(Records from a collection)
□ □ □

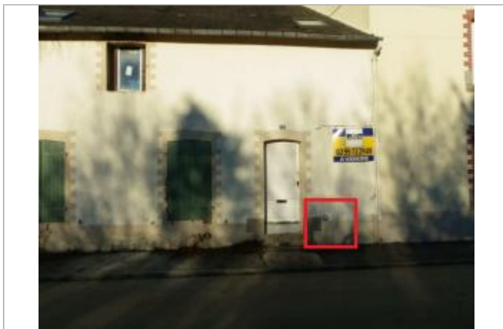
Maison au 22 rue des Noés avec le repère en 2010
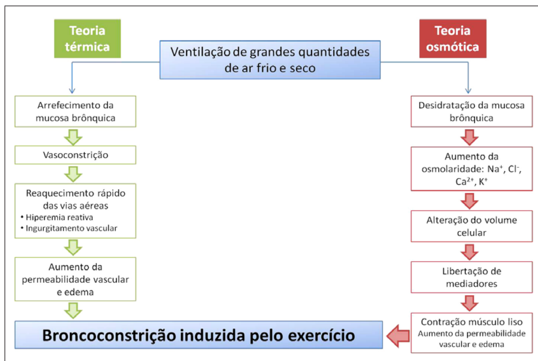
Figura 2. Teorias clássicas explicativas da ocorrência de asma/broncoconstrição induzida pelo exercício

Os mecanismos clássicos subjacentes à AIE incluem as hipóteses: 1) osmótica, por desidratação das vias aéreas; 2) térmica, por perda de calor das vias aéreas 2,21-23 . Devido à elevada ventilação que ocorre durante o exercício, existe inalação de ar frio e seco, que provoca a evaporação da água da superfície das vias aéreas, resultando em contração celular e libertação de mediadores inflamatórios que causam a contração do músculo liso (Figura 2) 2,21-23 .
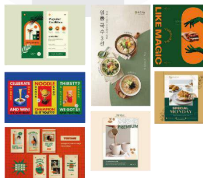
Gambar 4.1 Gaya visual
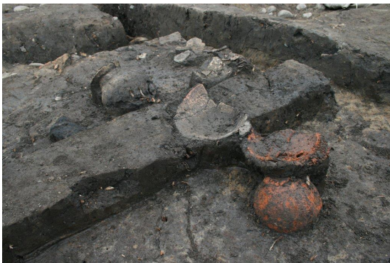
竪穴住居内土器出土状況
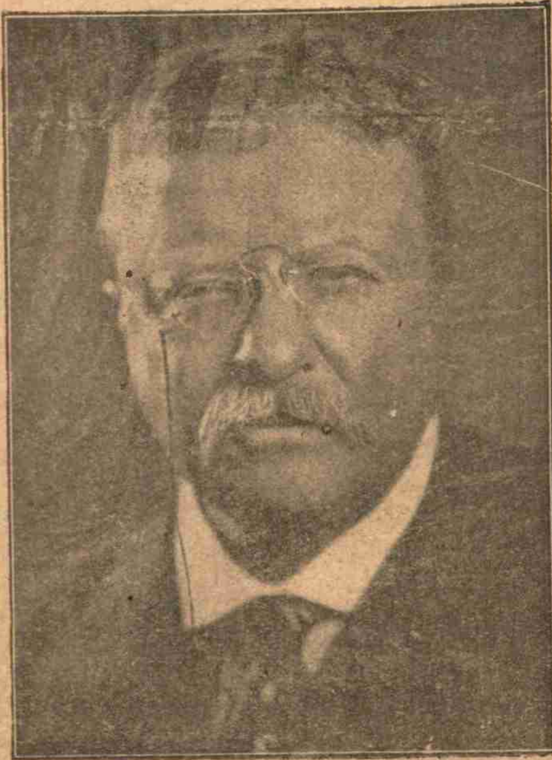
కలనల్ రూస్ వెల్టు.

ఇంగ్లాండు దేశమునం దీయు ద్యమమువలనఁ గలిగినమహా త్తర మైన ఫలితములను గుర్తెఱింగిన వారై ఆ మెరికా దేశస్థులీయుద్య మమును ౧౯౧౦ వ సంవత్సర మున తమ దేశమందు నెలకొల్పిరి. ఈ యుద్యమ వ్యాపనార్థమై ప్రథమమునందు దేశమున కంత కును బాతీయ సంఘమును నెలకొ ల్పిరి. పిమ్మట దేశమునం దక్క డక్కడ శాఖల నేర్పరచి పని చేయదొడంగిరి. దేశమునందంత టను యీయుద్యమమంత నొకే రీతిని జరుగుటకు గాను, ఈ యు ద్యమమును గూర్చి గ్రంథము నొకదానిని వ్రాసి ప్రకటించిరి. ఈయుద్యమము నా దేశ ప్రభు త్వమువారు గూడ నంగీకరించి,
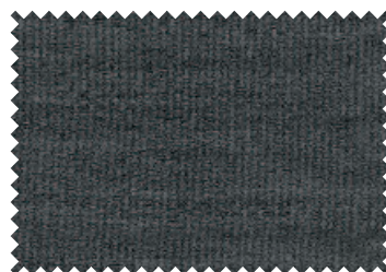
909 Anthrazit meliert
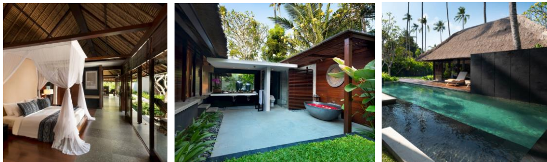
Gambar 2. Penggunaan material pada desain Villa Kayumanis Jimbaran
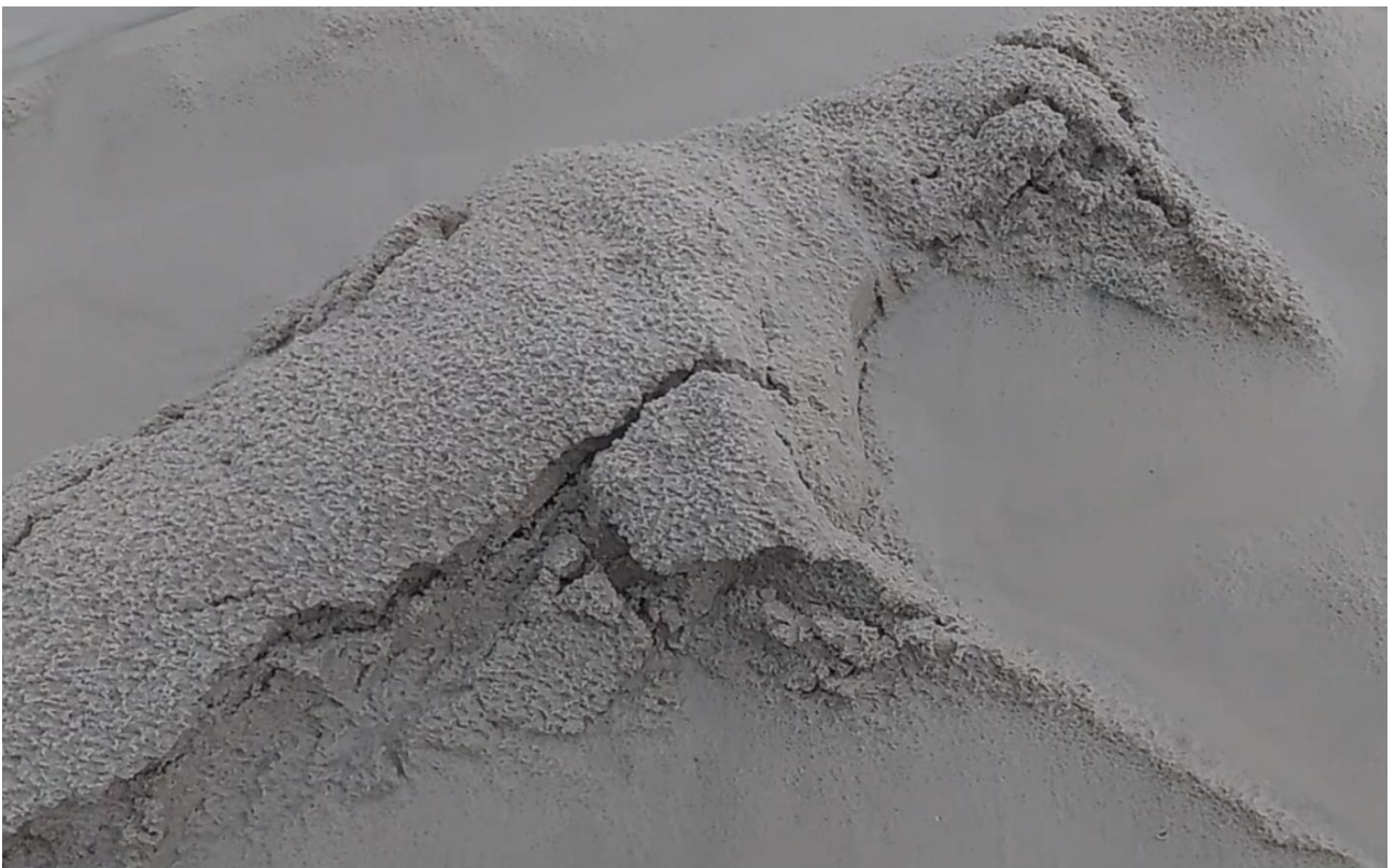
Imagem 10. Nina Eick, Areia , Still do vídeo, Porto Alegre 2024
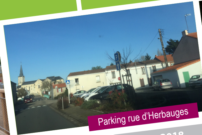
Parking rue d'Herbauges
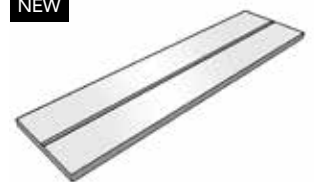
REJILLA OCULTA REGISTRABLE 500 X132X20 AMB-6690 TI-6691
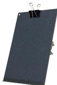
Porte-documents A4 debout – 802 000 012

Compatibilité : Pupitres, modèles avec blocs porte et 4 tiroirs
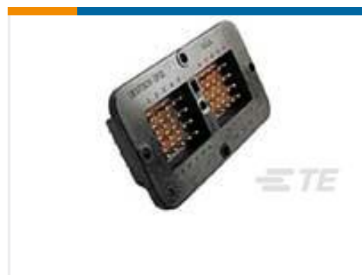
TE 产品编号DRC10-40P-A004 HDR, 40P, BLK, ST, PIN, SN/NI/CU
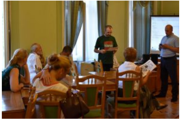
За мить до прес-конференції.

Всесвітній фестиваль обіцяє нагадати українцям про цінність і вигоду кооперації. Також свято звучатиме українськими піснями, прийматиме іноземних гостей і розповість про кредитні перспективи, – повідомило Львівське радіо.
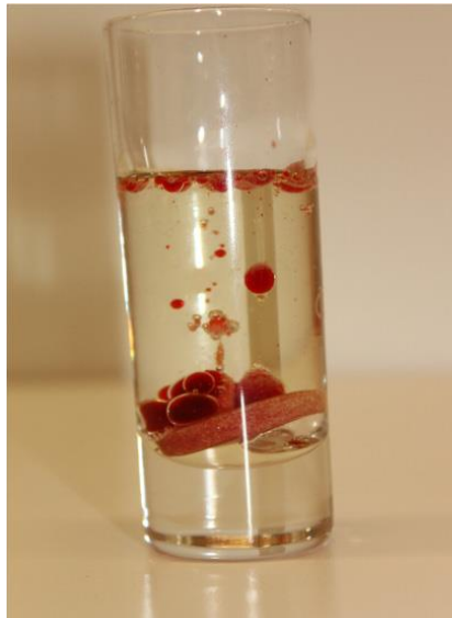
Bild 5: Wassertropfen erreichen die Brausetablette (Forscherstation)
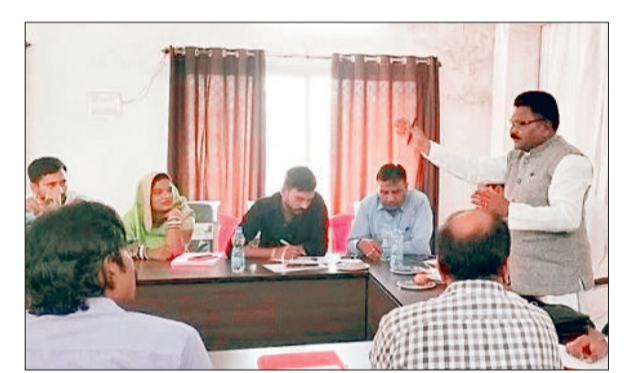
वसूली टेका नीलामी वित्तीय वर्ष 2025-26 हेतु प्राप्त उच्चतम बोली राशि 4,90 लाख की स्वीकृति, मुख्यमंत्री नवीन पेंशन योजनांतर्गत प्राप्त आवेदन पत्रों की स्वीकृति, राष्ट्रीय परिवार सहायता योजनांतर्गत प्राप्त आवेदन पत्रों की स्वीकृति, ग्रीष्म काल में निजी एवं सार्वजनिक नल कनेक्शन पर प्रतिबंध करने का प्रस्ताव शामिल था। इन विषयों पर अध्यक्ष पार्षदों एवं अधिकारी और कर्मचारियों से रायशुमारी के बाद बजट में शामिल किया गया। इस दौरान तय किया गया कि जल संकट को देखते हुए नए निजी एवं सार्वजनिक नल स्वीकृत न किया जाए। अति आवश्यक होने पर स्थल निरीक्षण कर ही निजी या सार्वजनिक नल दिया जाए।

□ □ □

_TASK_
Repeat exactly and only the lines from the start of the data above through the line that holds "కలనల్ రూస్ వెల్టు.", inclusive. Pictures do not belong in the copy.

_WRITTEN SOLUTION_
Maison au 22 rue des Noés avec le repère en 2010
Figura 2. Teorias clássicas explicativas da ocorrência de asma/broncoconstrição induzida pelo exercício

Os mecanismos clássicos subjacentes à AIE incluem as hipóteses: 1) osmótica, por desidratação das vias aéreas; 2) térmica, por perda de calor das vias aéreas 2,21-23 . Devido à elevada ventilação que ocorre durante o exercício, existe inalação de ar frio e seco, que provoca a evaporação da água da superfície das vias aéreas, resultando em contração celular e libertação de mediadores inflamatórios que causam a contração do músculo liso (Figura 2) 2,21-23 .
Gambar 4.1 Gaya visual
竪穴住居内土器出土状況
కలనల్ రూస్ వెల్టు.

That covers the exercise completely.